Task description: Below is a listing; restate from it, character for character, the lines beginning at the line holding "Cute Floral Girl" and ending at the line holding "Elegant Silver-Tone Pearl", both included.

Data for this exercise:
BEGIN
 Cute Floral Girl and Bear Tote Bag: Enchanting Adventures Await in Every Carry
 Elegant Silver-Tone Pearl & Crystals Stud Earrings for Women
END
BEGIN
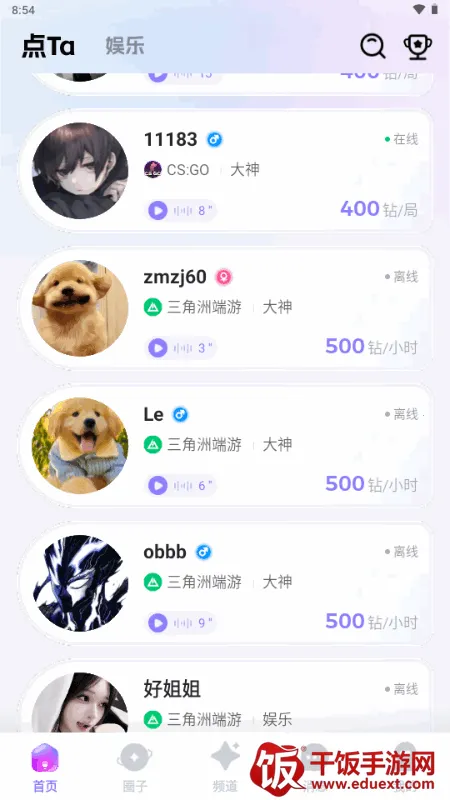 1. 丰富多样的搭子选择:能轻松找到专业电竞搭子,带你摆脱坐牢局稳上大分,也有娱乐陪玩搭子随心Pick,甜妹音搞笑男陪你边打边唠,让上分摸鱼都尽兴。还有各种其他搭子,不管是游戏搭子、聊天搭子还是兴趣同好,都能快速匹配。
END
Your response:
 Cute Floral Girl and Bear Tote Bag: Enchanting Adventures Await in Every Carry
 Elegant Silver-Tone Pearl & Crystals Stud Earrings for Women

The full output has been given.